Мне нужны сейчас новые связи, новая работа. В старое время я мечтала бы о монастыре, а сегодня я с горькой завистью слушала доклады о высшей крестьянской школе. С завистью, потому что это не для меня. Я не могу отказаться от семьи, а создание нужной мне работы семьей гораздо труднее, может быть, даже совсем не под силу мне. Но бросить семью я все-таки не могу, может быть, семья как раз и есть мой подвиг.
На днях я бросаю службу и ближайшее время займусь собой в смысле более конкретного определения дальнейшего пути.
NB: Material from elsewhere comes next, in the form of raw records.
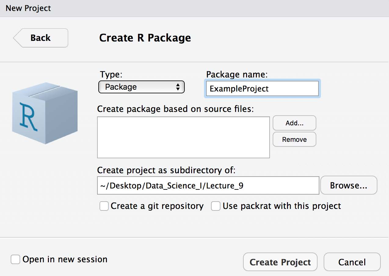 Name the R Package, select the working directory where the R package will be in, and click ‘Create Package’.
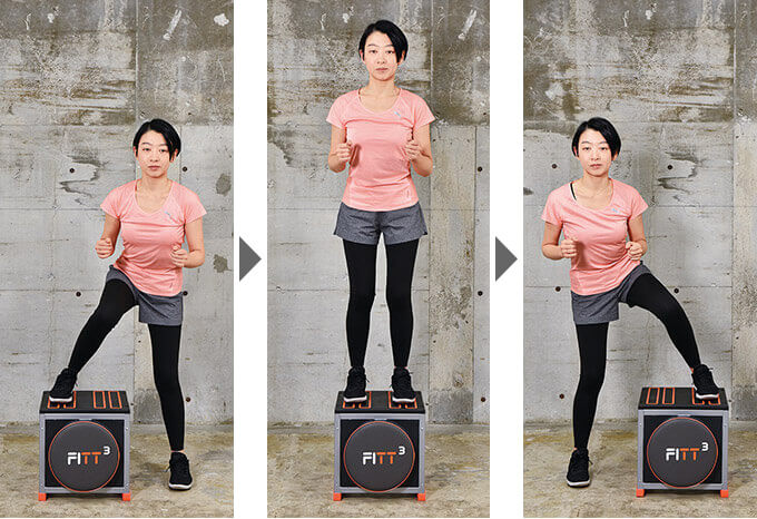 右足から乗ったら次は左足というように、左右バランスよく行いましょう。慣れてきたら、腕を大きく振り、顔を上げ遠くを見ながら背筋を伸ばして行いましょう。
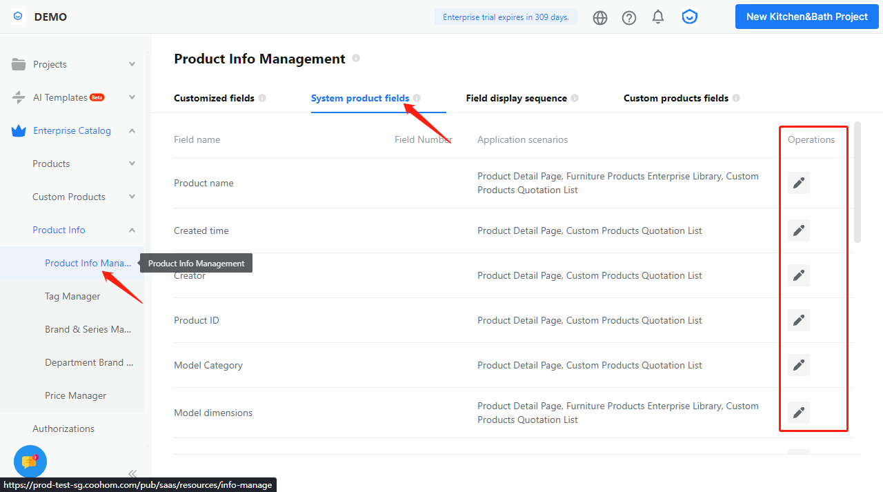First, navigate to the enterprise product library, select "Product infor management," then "Product Information Management," and choose "System product fields" Next, select the relevant product information, and click on "Edit."
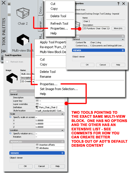 For Architectural Desktop Tools, there remains a unique variety that hasn't been fully integrated into the Tool Palette system and offers no Properties at all. You will find that most of these tools have duplicate tools under the Custom tab of the DesignCenter where they were created through the use of the AEC Content Wizard. Basically the AEC Content Wizard, likely to be phased out in the near future, is the predecessor to Tool Properties allowing users to embed ADT-specific functionality within a DesignCenter Object. Some Objects still do not have equivalent Tool Properties and thus remain locked in the old DesignCenter but as ADT evolves, these Properties will surely be migrated to the Tool Palette system. What advanced ADT users should be aware of, however, is that the AEC Content Wizard offers the awesome power to combine just about any script with ADT features. You can, for example, make a command that draws a simple AutoCAD line but keys it to an Layer in the current Layer Key; making it far more adaptable than locking it to one specific layer.
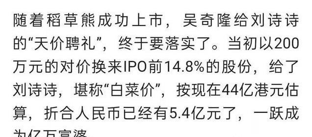 其中吴奇隆做得最好的是影视公司,他和刘诗诗结婚的时候,不仅花费了2000万办婚礼,还送了刘诗诗自家公司价值1.5亿的股份,之后吴奇隆的公司成功上市,刘诗诗手上这1.5亿元股份涨到了5.4亿元,被外界称为“天价聘礼”。

Вопрос ставится так: или попытаться опять перейти к Леонтию, заняться наукой и семьей или идти одной - в сторону практической педагогической работы - с риском уйти совсем от Леонтия.

31 марта
Вчерашний вечер нужно запомнить. Вчера мы с Л. долго говорили и я впервые после долгого промежутка почувствовала, что мы опять совершенно вместе и идем по одному направлению.
Нужно учиться деятельной любви. Это самое важное.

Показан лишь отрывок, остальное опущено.